Qué otra cosa se desencadena que una persecución cruel contra los que viven piadosamente en Cristo y contra los ejércitos de las virtudes en formación, cuando luchan la soberbia contra la humildad, la vanagloria contra el temor del Señor, la simulación de la verdadera religión contra la verdadera religión, el desprecio contra la sumisión, la envidia contra la felicitación por el bien ajeno, el odio contra el amor, la detracción contra la libertad de una corrección justa, la ira contra la paciencia, la mala intención contra la mansedumbre, el ensoberbecimiento contra la satisfacción, la vida mundana contra la alegría espiritual, el embotamiento del alma o la indolencia contra el ejercicio de las virtudes, la vida errante contra la firme estabilidad, la desesperación contra la confianza que da la esperanza, la lujuria contra el desprecio del mundo, la dureza de corazón contra la misericordia, el fraude y el robo contra la inocencia, el engaño y la mentira contra la verdad, la gula contra la sobriedad en el comer, la alegría insensata contra la moderada aflicción, el mucho hablar contra el discreto silencio, la impureza y la lujuria contra la pureza de la carne, la fornicación espiritual contra la pureza de corazón, y cuando lucha la apetencia de este mundo, que anegándose a sí mismo se opone al amor de la patria celestial contra ella ( Atribuido a San Agustín. Combate entre los vicios y virtudes. I)
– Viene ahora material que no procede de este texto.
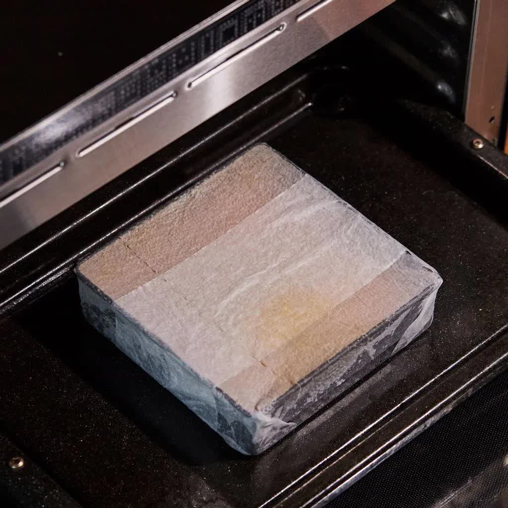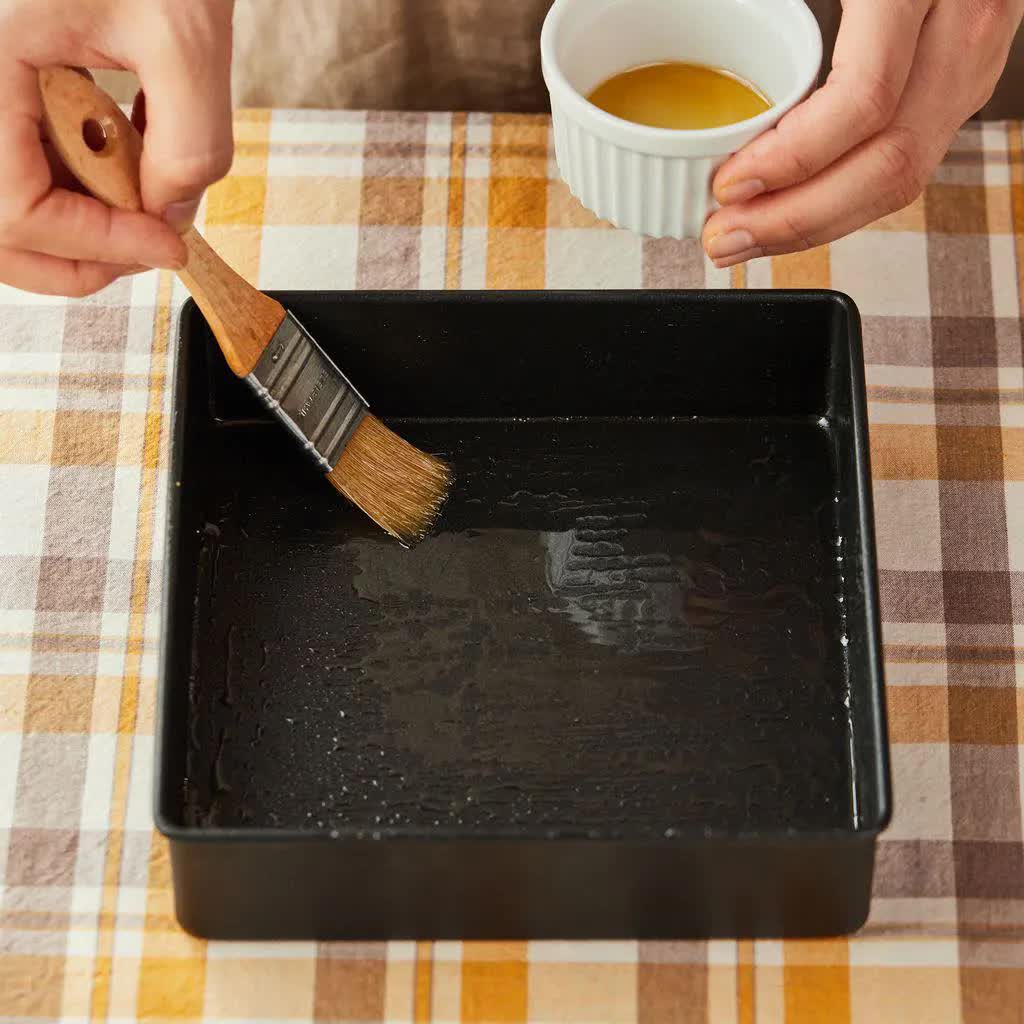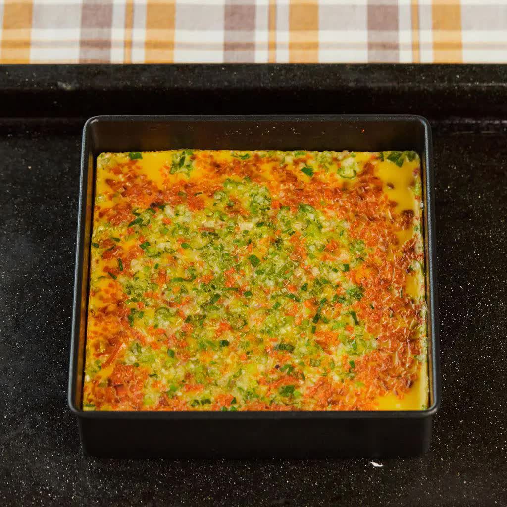 Mẹo nhỏ: Việc bạn dùng giấy bạc hoặc giấy nến phủ lên bề mặt khay sẽ giúp quá trình hấp trứng cách thủy trong lò nướng không bị nổi bọt khí trên bề mặt. Bạn có thể dùng khay nướng vuông kích thước 16cm. Như vậy thành phẩm sẽ vừa đủ độ dày tránh việc trong lúc nướng trứng tràn ra ngoài, sau khi hoàn thành miếng trứng cắt ra cũng vuông vắn, đẹp.

Todas estas luchas se dan dentro y fuera de nosotros. Unas veces nosotros mismos somos el campo de batalla, mientras que otras veces somos actores de cualquiera de los “bandos” en conflicto. En cualquier conflicto aparece la duda de quién es el que lleva la razón y quien intenta engañar al otro. Cada cual expone sus razones e intenta convencer a quien defiende lo contrario. Esta situación se agrava cuando no existen únicamente dos contendientes, sino una buena cantidad de posturas y sensibilidades diferentes. Entonces quien toma el mando es la emotividad, que nos lleva a sentirnos enfrentados a los demás antes que entendernos como desorientados. Si aceptáramos nuestra incapacidad para ir más allá de las apariencias, nos daríamos cuenta que el maligno anda enredando en todo momento para hacernos sufrir y perder el rumbo. El maligno nos inocula de fariseísmo, es decir, de la hipocresía que defiende y se enorgullece de lo aparente y desprecia lo sustancial. Luchamos por ganar una partida en la sólo podemos perder. Perdemos si nos enemistamos de forma más o menos violenta. Perdemos si los alejamos cordialmente, dejándonos vivir como cada cual desea. En ambos casos quien vence es el maligno y suma un tanto a sus victorias.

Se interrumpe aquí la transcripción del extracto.